Markus Mertens / 19.03.2019

Der Begriff “Gleichschaltung” ist hier sicherlich zutreffend. Es muss aber Ursachen haben, die nicht im persönlichen Bereich liegen. Man scheint sich ökonomische Vorteile zu versprechen, in der einen oder anderen Weise mit der (weiteren) Annäherung an die Regierungslinie. Der Bertelsmann-Konzern arbeitet auf diese Weise ja sehr erfolgreich, und ggf. übernimmt Merkel auch die Lobby-Arbeit, z.B, bei Artikel 13 im neuen Urheberrecht. Wenn nun Merkel-Kritiker aka Falschmeiner bei der FAZ im Sinne der Selbstreinigung eliminiert werden, darf es an der Anerkennung doch nicht fehlen. Da kann der große Medienkonzern aushelfen; bei der Zusammenarbeit geht bestimmt etwas.

Don Alfredo / 19.03.2019

Nachdem Don Alphonso gegangen wurde, habe ich keine FAZ-Seite mehr angeklickt.

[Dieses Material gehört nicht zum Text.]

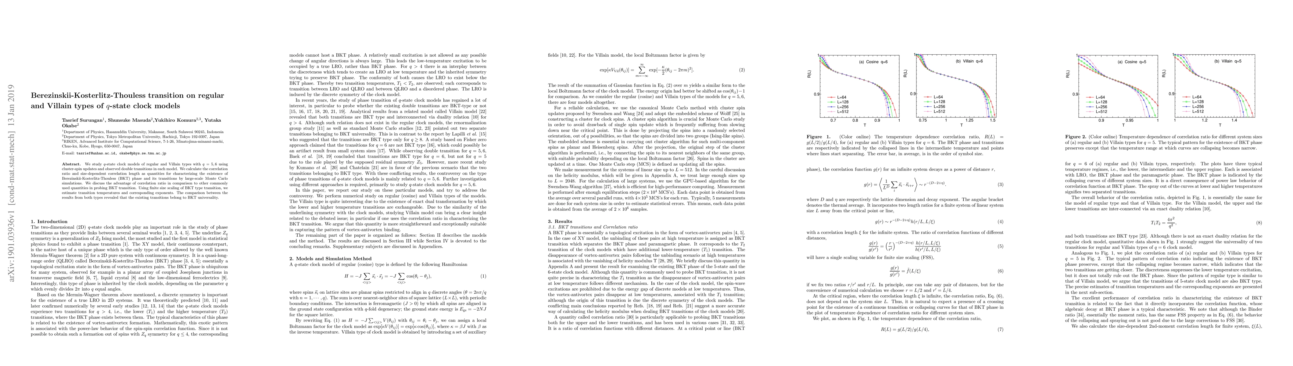 We study $q$-state clock models of regular and Villain types with $q=5,6$ using cluster-spin updates and observed double transitions in each model. We calculate the correlation ratio and size-dependent correlation length as quantities for characterizing the existence of Berezinskii-Kosterlitz-Thouless (BKT) phase and its transitions by large-scale Monte Carlo simulations. We discuss the advantage of correlation ratio in comparison to other commonly used quantities in probing BKT transition. Using finite size scaling of BKT type transition, we estimate transition temperatures and corresponding exponents. The comparison between the results from both types revealed that the existing transitions belong to BKT universality.
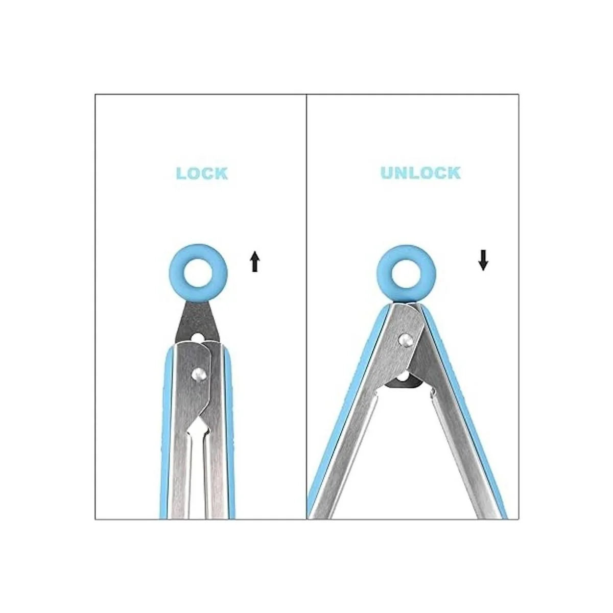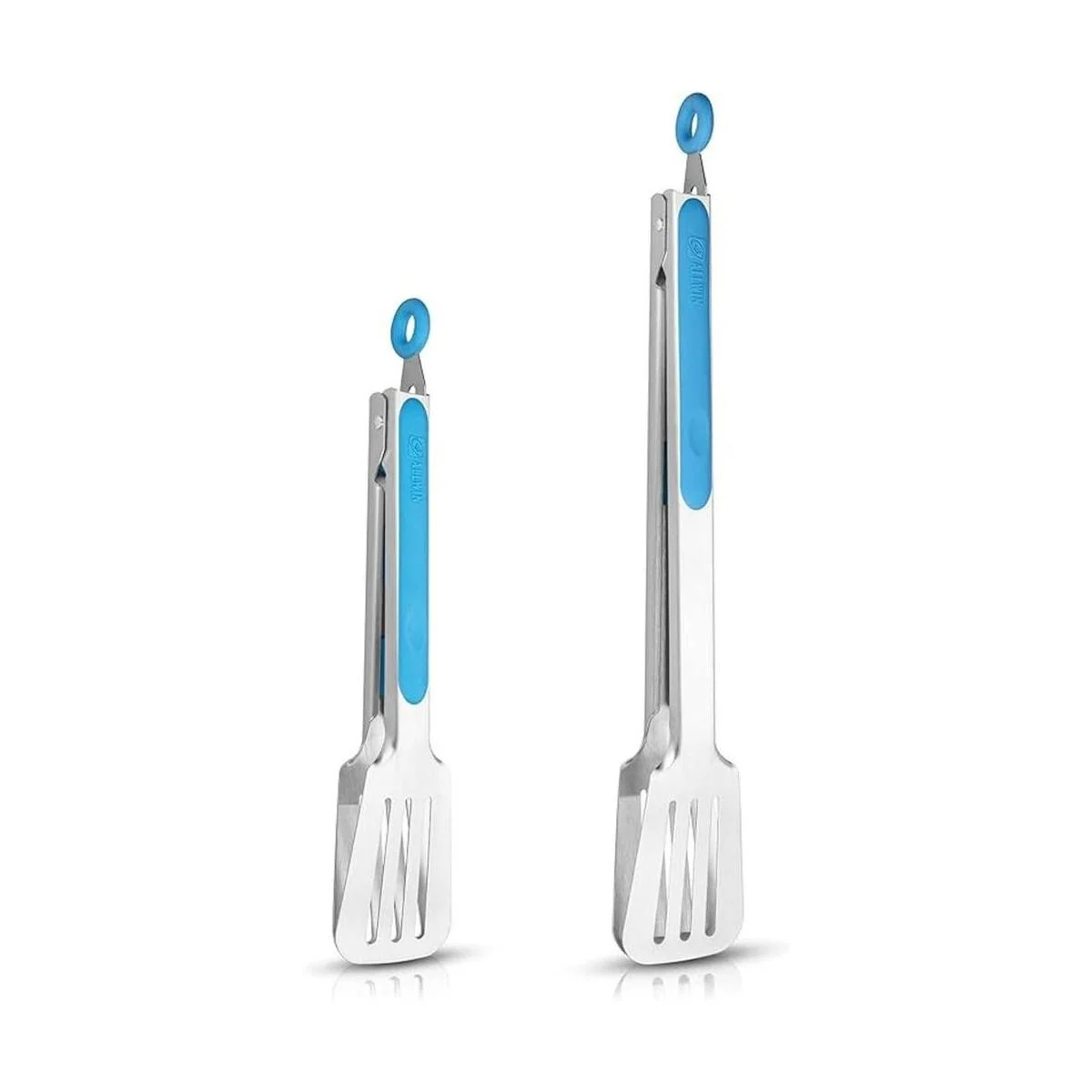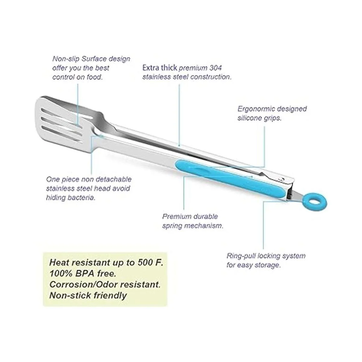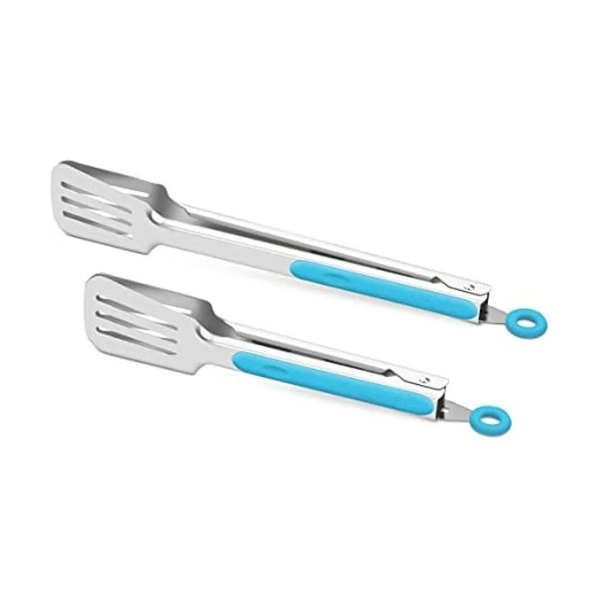 Giradores de barbacoa de acero inoxidable 304 de alta calidad, resistentes antiadherentes, pinzas de cocina, 9 y 12 pulgadas, color azul

Richard Loewe / 19.03.2019

Es war ein langer Weg: kurz nach der Jahrtausendwende gabs immer oefter Artikel, die links waren und dann kamen die Nils Minkmars und Daniel Deckers. Das morgendliche Lesen wurde zur Qual.  Seit 4 Jahren weigere ich mich sogar auf FAZ-Links zu klicken, damit die keine Werbeeinnahmen mehr haben. Steltzner war seit dem Euro isoliert und es war lediglich eine Frage der Zeit, wann er geht. Man braucht sich bloss den regen Redaktionsaustausch zwischen FAZ und Spiegel ansehen und weiss, dass die FAZ zu den Einheitsmedien gehoert, die wie alle MSM von der Einheitspartei finanziert wird und keine Leser braucht.